EXERCISE INPUTS:
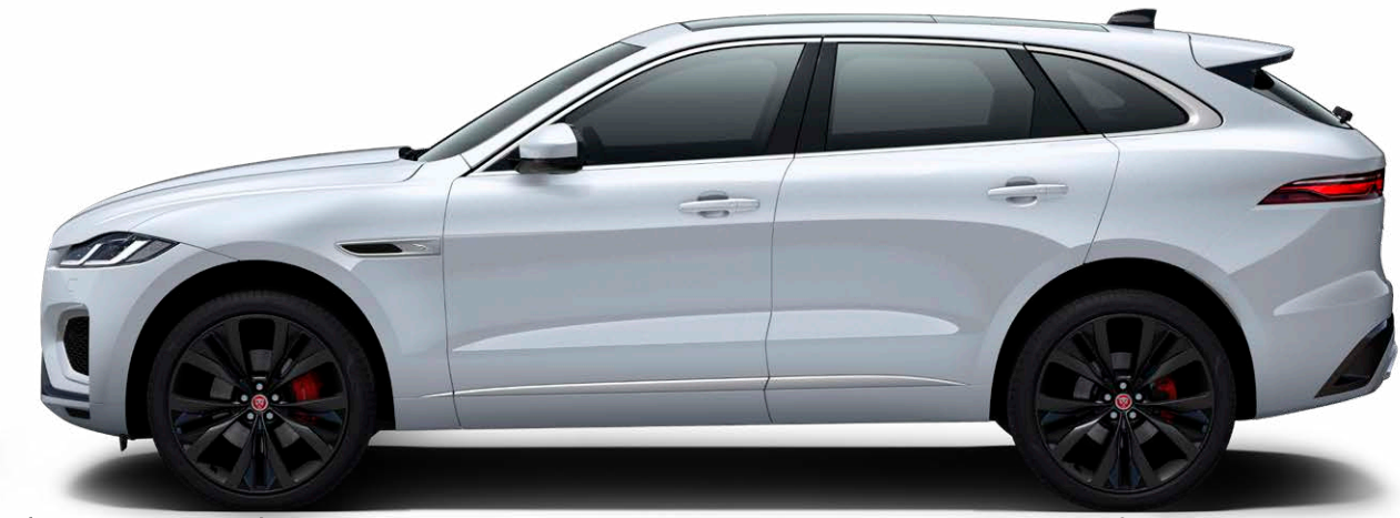
2 874 mm 4 747 mm (4 762 mm on SVR)
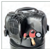
top mounted control panel - 06249
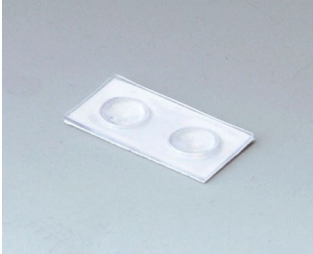
A9207150 Anti-slide feet 6.5 x 2 mm transparent
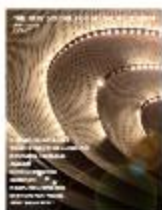
New School for Social Research 2014-2015 (NS050101_gf2014ye)
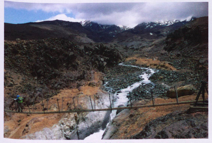
Waihianoa lahar gorge

https://www.doc.govt.nz/roundthemountain
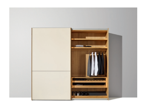
lunetto floating door wardrobe
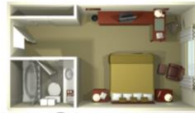
Resident or Patient Rooms
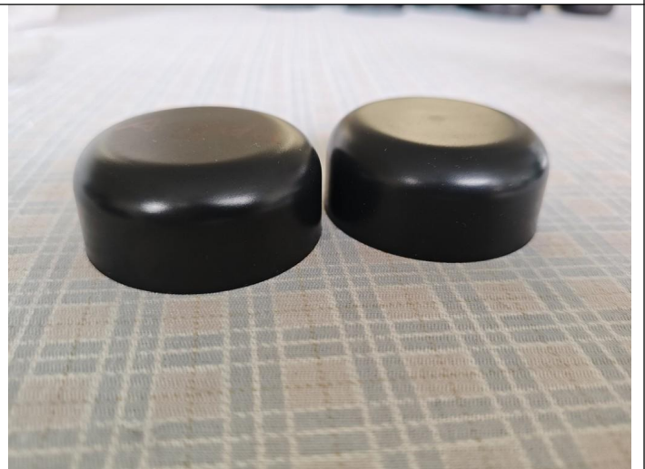
Reference sample on the left side
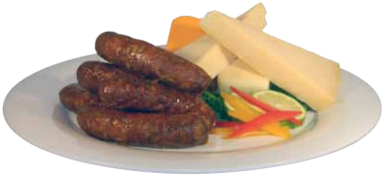
Four Cheese Sausage #14005
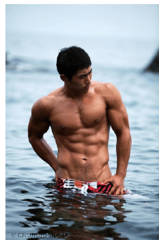
One of the stars of the "real" Manbang
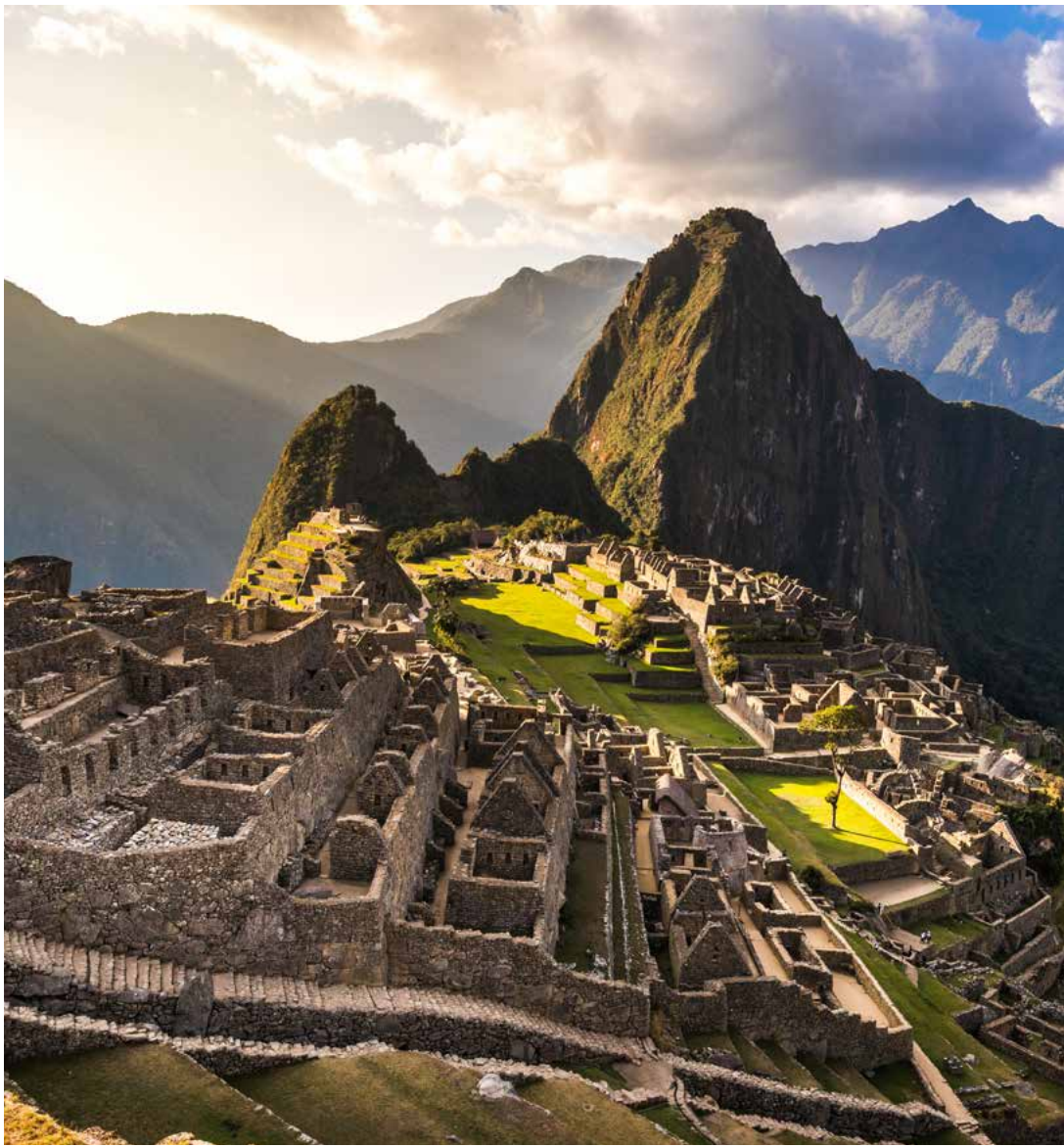
Machu Picchu Citadel
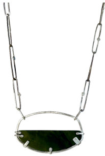
Frame work necklace 1. Sterling silver, Pounamu Chain 500mm length with pendant 67 x 40mm $1,000
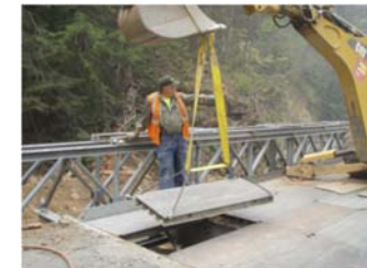
(Left) Deck work on the new Blewett Bridge.
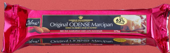
Original ODENSE Marcipan, 375g
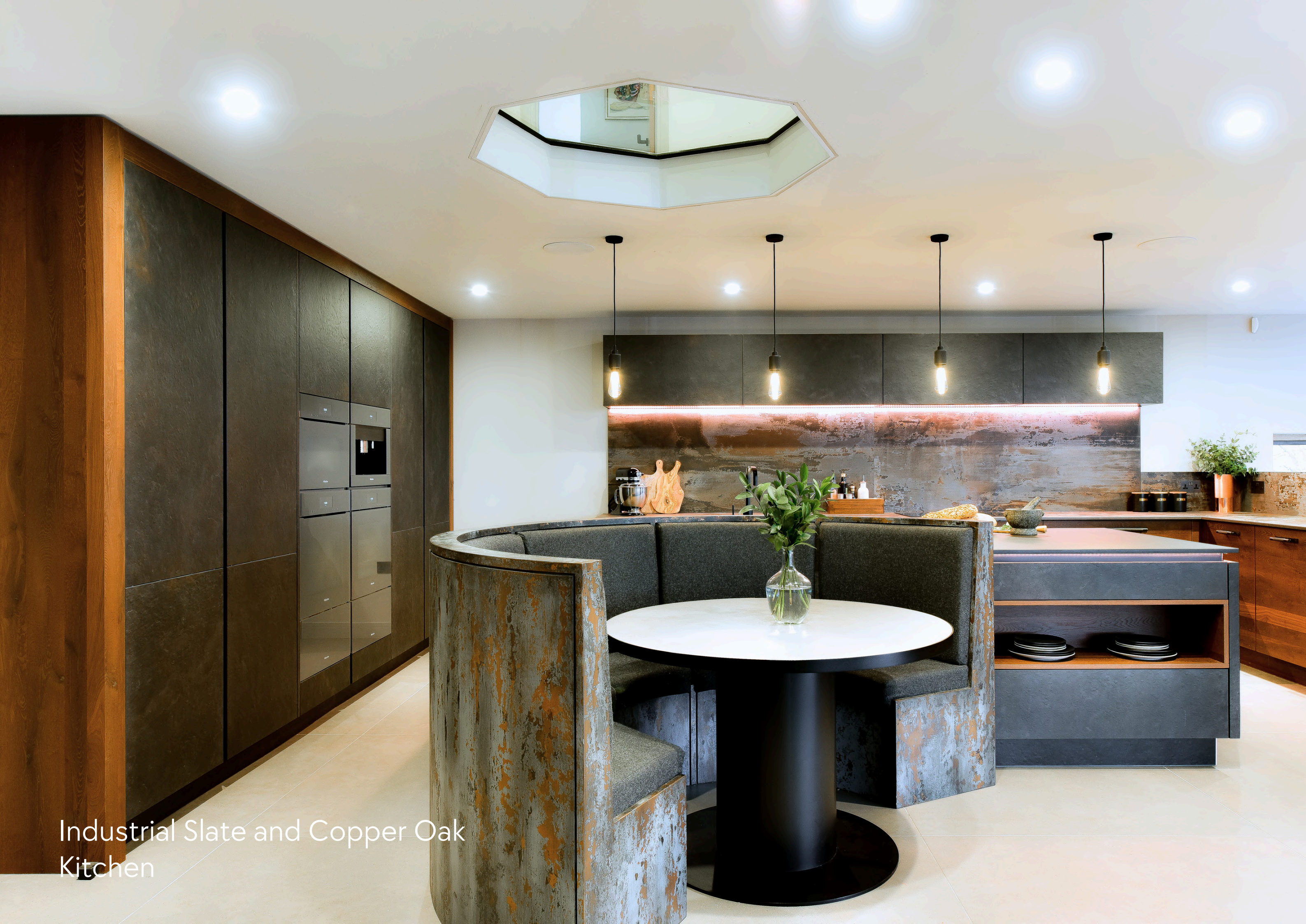
Industrial Slate and Copper Oak Kitchen
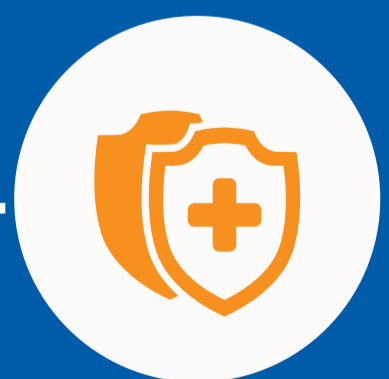
Established safety program

Find out how ABM's services help you exceed expectations. For more information visit ABM.com/Mfg or call us at 866.624.1520
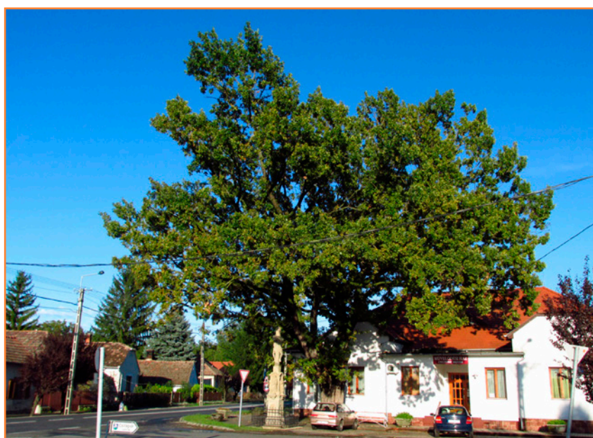
Figure 4 A neogothic roadside cross in Balatonszentgyörgy (Hungary) with a monumental common oak ( Quercus robur L.)

This thematic issue focuses on the linkage between small sacral architecture and the cultural landscape. The introductory paper discusses the origin, historical development, landscape features and heritage values of small sacral architecture in cultural landscapes with a particular focus on Europe (Tóth et al., this issue). Calaza-Martínez et al. (this issue) elaborate on sacred landscapes in Galicia (Spain), with a particular focus on small religious architecture and its symbolical character. Stara and Tsiakiris (this issue) explore the
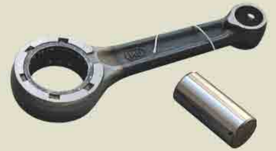
M-1631 Connecting Rod W/G. Pin
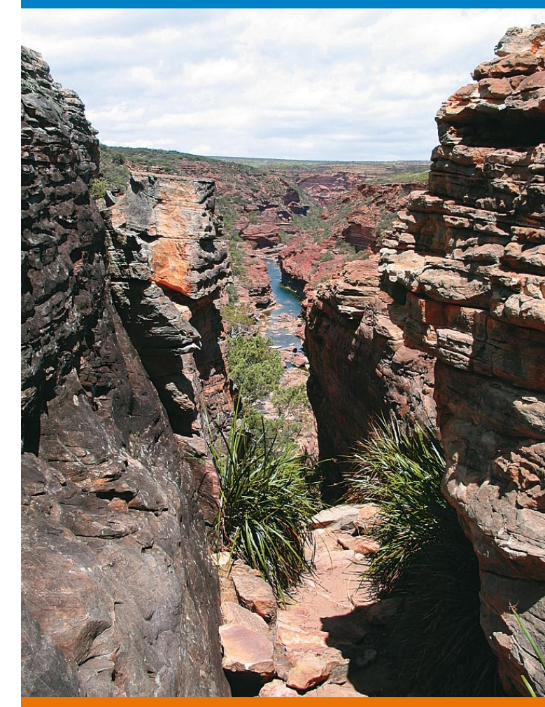
Information and walk trail guide
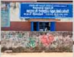
Government Primary School
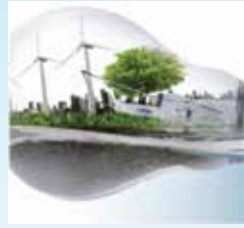
Flexibility Working Group
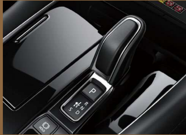
Automatic - CVT

From sheer comfort to precise control, the Alphard excels at delivering seamless performance for the most enjoyable rides.
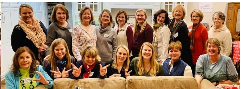
Gamma Phi Beta | Left: Donating poinsettias to the Methodist Manor Nursing Home; Right: Celebrating sisterhood with bunco night
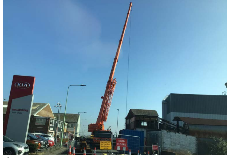
Crane assisting sheet piling works on Hamilton Road.

WORK ORDER: Go through the entries and filter for lines holding the word "School"; copy each match.

TASK OUTPUT:
New School for Social Research 2014-2015 (NS050101_gf2014ye)
Government Primary School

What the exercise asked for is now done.